A “rainbow” snout weevil from the Philippines could hold the key to a novel colour-generation mechanism, a team of researchers from Yale-NUS College and the University of Fribourg in Switzerland discovered. The weevil, Pachyrrhynchus congestus pavonius, has distinctive rainbow-coloured spots on its body made up of concentric rings of different hues. While many insects can produce one or two colours, the weevil has the ability to produce a spectrum of colours.
The study was led by Yale-NUS College Assistant Professor of Science (Life Science) Vinod Kumar Saranathan and Dr Bodo D Wilts from the Adolphe Merkle Institute at the University of Fribourg, with Asst Prof Saranathan examining the rainbow-coloured patterns on the weevil using high-energy X-rays, and Dr Wilts undertaking detailed scanning electron microscopy and optical modelling.
The ultimate aim of the research is to determine how the weevil self-assembles those structures, said Asst Prof Saranathan, who also holds positions in NUS Biological Sciences and the NUS Nanoscience and Nanotechnology Initiative.
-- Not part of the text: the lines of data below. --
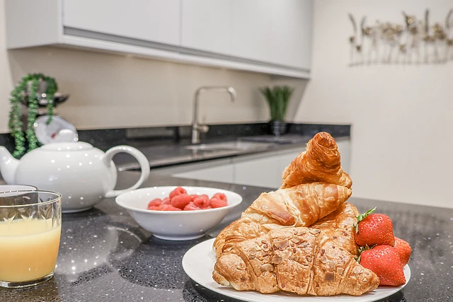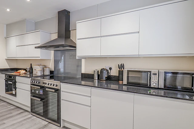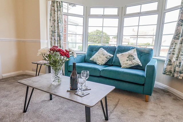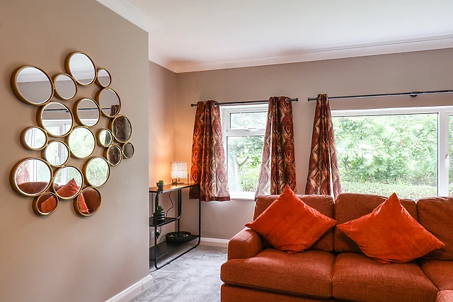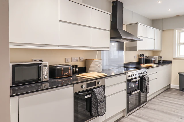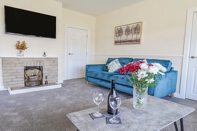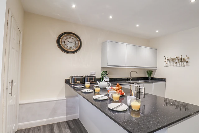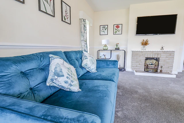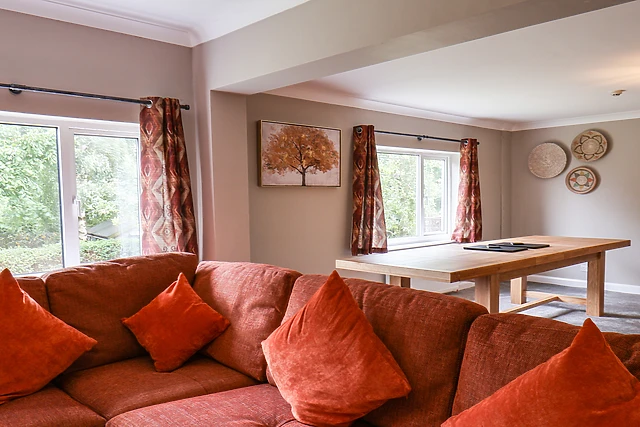 Once you've parked up and unloading your belongings, be welcomed into the home, starting off in the front sitting room, complete with a lovely bay window, large luxury sofas, and a TV, whilst the second sitting room which also has a TV, offers a wonderful nook to relax with a good book in hand or to enjoy an hour’s peace and quiet from the excitement of the group. Fully equipped for a self-catered stay, the kitchen features sleek cabinetry and appliances, offering a lovely space to prepare meals, ready to be enjoyed in the outstanding dining room where all guests can be seated together.
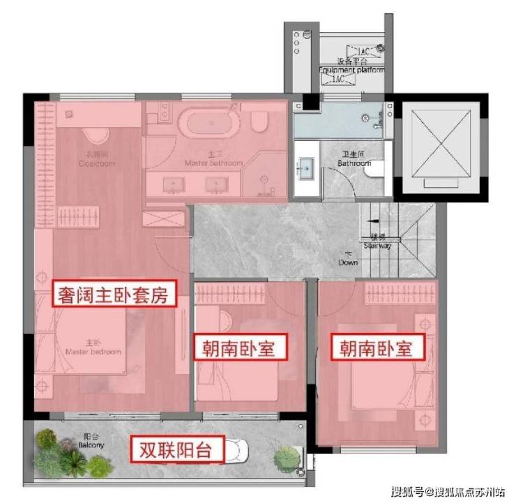 下叠一层拥有一间独立的南向房间,可作为老人房使用,所有卧室全部朝南,光线充沛、通风更好,住起来舒适性更高。
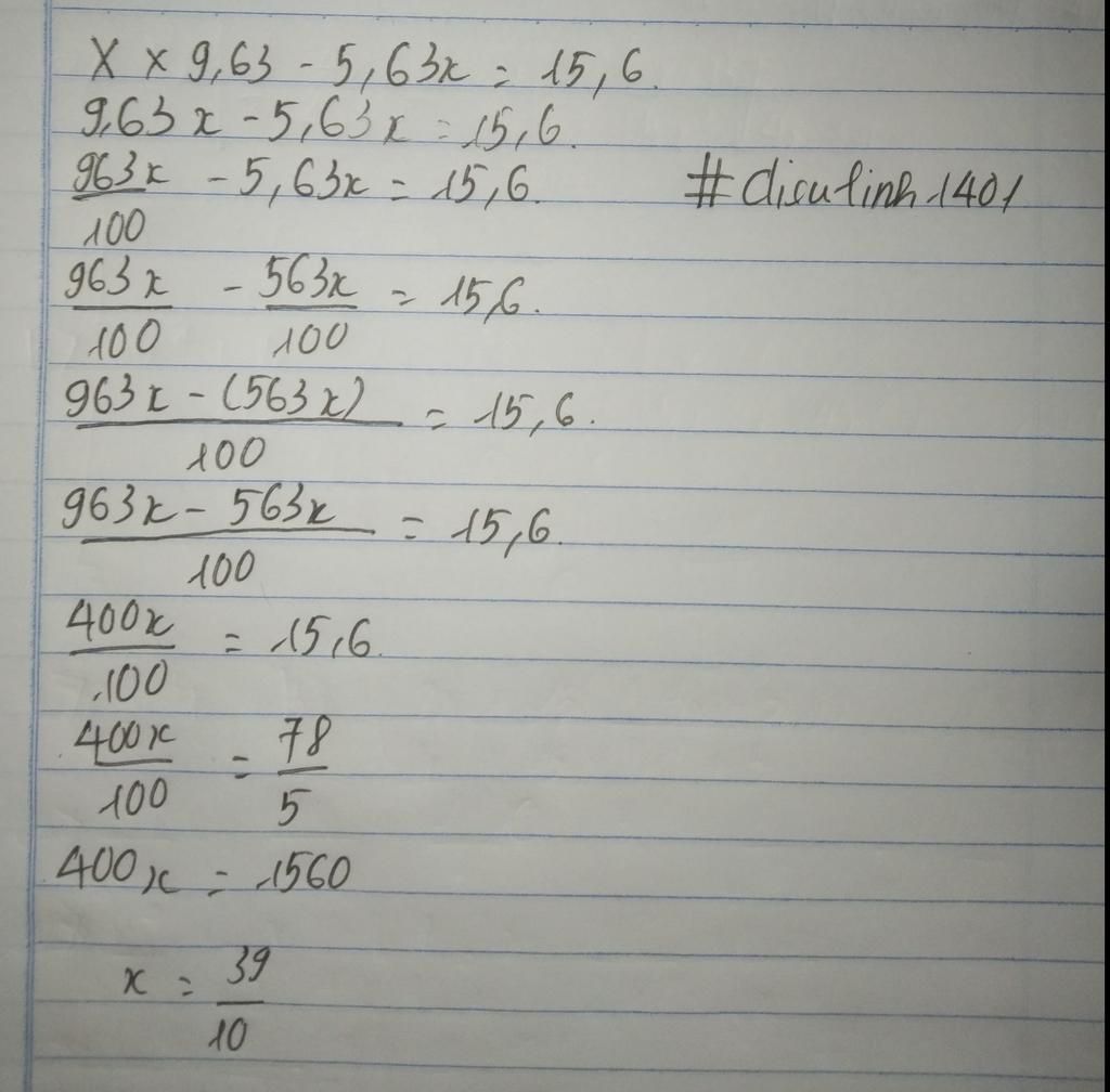 `x xx 9,63 - 5,63 xx x = 15,6`

“The ability to produce these structures, which are able to provide a high colour fidelity regardless of the angle you view it from, will have applications in any industry which deals with colour production. We can use these structures in cosmetics and other pigmentations to ensure high-fidelity hues, or in digital displays in your phone or tablet which will allow you to view it from any angle and see the same true image without any colour distortion. We can even use them to make reflective cladding for optical fibres to minimise signal loss during transmission,” he elaborated.
The team discovered that the weevil’s wings are composed of a three-dimensional crystalline structure made of chitin — the main ingredient in insect exoskeletons. The vibrant rainbow colours on the weevil’s scales were shown to be regulated by two factors — the size of the crystal structure, as well as the volume of chitin in the structure. Larger scales have a larger crystalline structure and use a larger volume of chitin and reflect red light, while smaller scales with a smaller crystalline structure and a smaller volume of chitin reflect blue light.